- Battle of Tauris: Part of Caesar's civil war
| Date | March 47 BC |
| Location | Tauris (likely modern-day Šipan, Dubrovnik-Neretva County, Croatia) |
| Result | Caesarian victory |

Belligerents
- Caesarians: Pompeians

Commanders and leaders
- Publius Vatinius: Marcus Octavius (WIA)

Units involved
- At least 1 quinquereme: 1 quadrireme, 2 triremes, 8 biremes, 8 two-banked galleys, and an unknown number of small ships At least 1 quinquereme

Casualties and losses
- None: 1 quinquereme destroyed 2 triremes, 8 biremes, 8 two-banked galleys and other small ships captured Some other ships rammed or capsized

= Battle of Tauris =

Ancient Roman naval battle

The Battle of Tauris was a naval battle during Caesar's civil war in which a Pompeian fleet led by Marcus Octavius was defeated by a Caesarian fleet led by Publius Vatinius operating off the coast of Dalmatia.

==Background==

Caesar's civil war began on 10 January 49 BC. Caesar would go on to conquer Italy, Hispania, Sardinia, Corsica, and Sicilia, before invading Macedonia. During the invasion of Greece, Caesar faced a setback at Dyrrhachium before eventually defeating Pompey at the Battle of Pharsalus. Pompey fled to Egypt, where he was assassinated by the Egyptians in an attempt to appease Caesar. Caesar then intervened in the Egyptian civil war, deciding to help the Egyptian pharaoh Cleopatra to the throne and defeating her younger brother Ptolemy XIII in the Battle of the Nile.

==Prelude==

By 47 BC, Octavius returned to the region with another fleet and began to blockade several Dalmatian ports, inflicting severe damage on the Caesarean shipping process. Octavius's army began to assault towns and raided the countryside, prompting Caesarean governor Lucius Cornificius to send a message requesting aid. In response, Publius Vatinius gathered soldiers in Brundisium who had been too sick to join Caesar's invasion of Greece. Vatinius only possessed a small number of ships consisting of a few heavy war ships and several smaller vessels. In contrast, Octavius had a significantly larger and more powerful fleet to use against the Caesareans. Aware of the fact that his fleet was vastly weaker than that of Octavius, Vatinius equipped his fleet with metal-wooden protrusions affixed to the front of the ships known as beaks. Vatinus's fleet set sail from Brundisium towards Epidaurum after receiving reports of a blockade in progress and finishing campaign preparations. The fleet eventually reached the island of Tauris (likely modern-day Šipan), unaware of Octavius's fleet occupying the area.

==Battle==

Vatinius, unaware of the enemy's presence, was caught off guard when a single enemy ship approached. Octavius's fleet had been out of formation and spread out to avoid crashing during an ongoing storm. The two fleets then quickly became aware of the other's presence, with Vatinius' ships lowering their yard-arms to half-mast, drawing up a battle line to the side of the island. Vatinius's fleet was much weaker than that of Octavius, drawing up his ships with the warships in the center, including the flagship quinquereme. Octavius mirrored his formation, drawing up his ships with his flagship, a quadrireme, also in the middle. Although outnumbered, Vatinius signaled for his men to attack and advance towards the Pompeians, reef the sails, and lower the yard-arms further.

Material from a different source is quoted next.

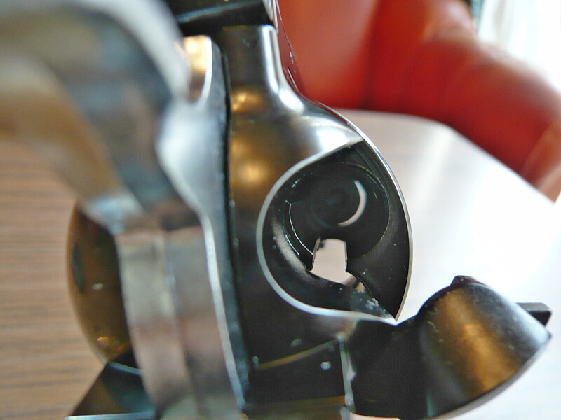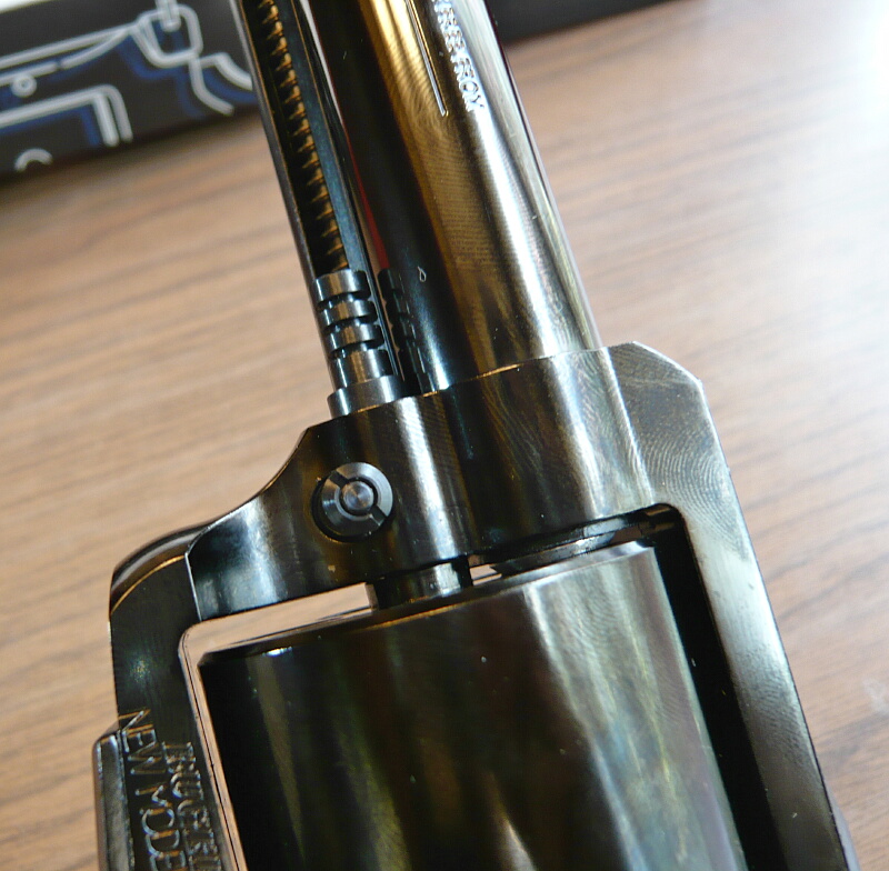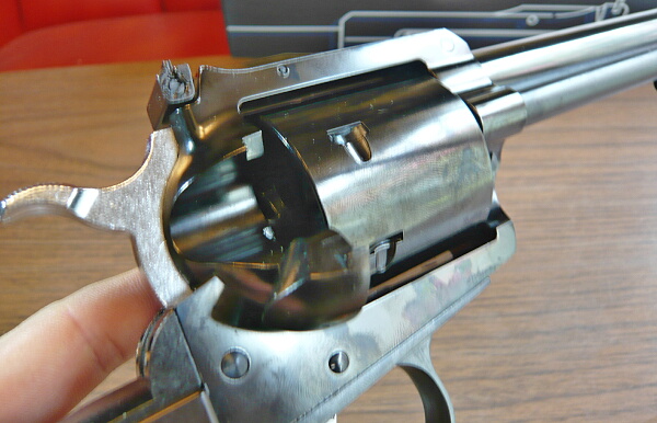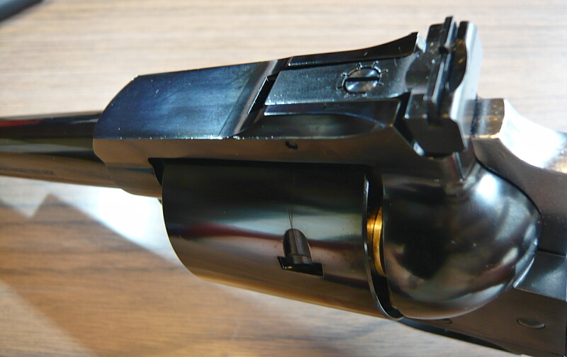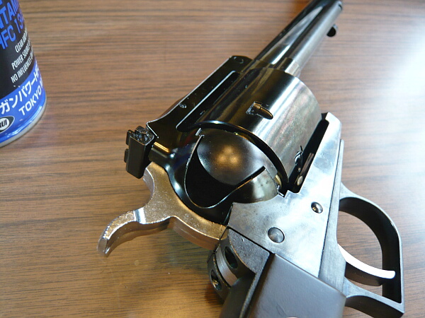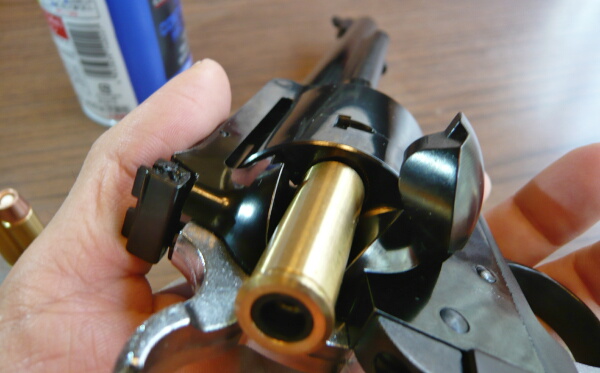 ここがシリンダー前面に噛み込んでシリンダーの動きを渋くする原因になっている部分ではあるのですが、新しいモデルほどここは動きが軽くされておりこの銃ではローディングゲートをあけてシリンダーを手で勢いよく回せばチャララーッと回る程度にまで軽くなっています。

Vatinius's flagship rowed head on into Octavius's advancing flagship, destroying the beak of Vatinius's ship in the process. The clash pulverized and knocked away Octavius's beak, lodging it into the quadrireme's hull such that the two flagships became unable to separate. Despite being outnumbered, the Caesarian fleet had experienced veterans and was able to secure a victory by forcing the combat to occur in close quarters around the two flagships. Naval combat in such close quarters reduced the advantages of having a larger fleet as the fighting continued. Vatinius's gamble proved successful as his veterans managed to board the Pompeian ships, capsizing many due to panic. Octavius's flagship capsized, nearly drowning him until he removed his armor and swam to a light galley. Octavius and his remaining fleet retreated to Africa to join the Pompeian army under Gnaeus Pompeius.

==Aftermath==
Vatinius achieved a great personal victory and for Caesar as well. The victory secured the province of Illyria, eliminated the last remnants of the Pompeiian faction, and ended all traces of the ongoing civil war from the region. Octavius would flee to Africa where he would command the remaining Pompeian fleet along with Publius Attius Varus. Caesar's Civil War would end with the Battles of Thapsus and Munda. Historical records of Octavius become obscure after this point, although he possibly fought in the service of Mark Antony against Augustus and fought in the Battle of Actium, where he is believed to have been killed. Vatinius would go on to govern Dalmatia and was awarded a triumph in 42 BC.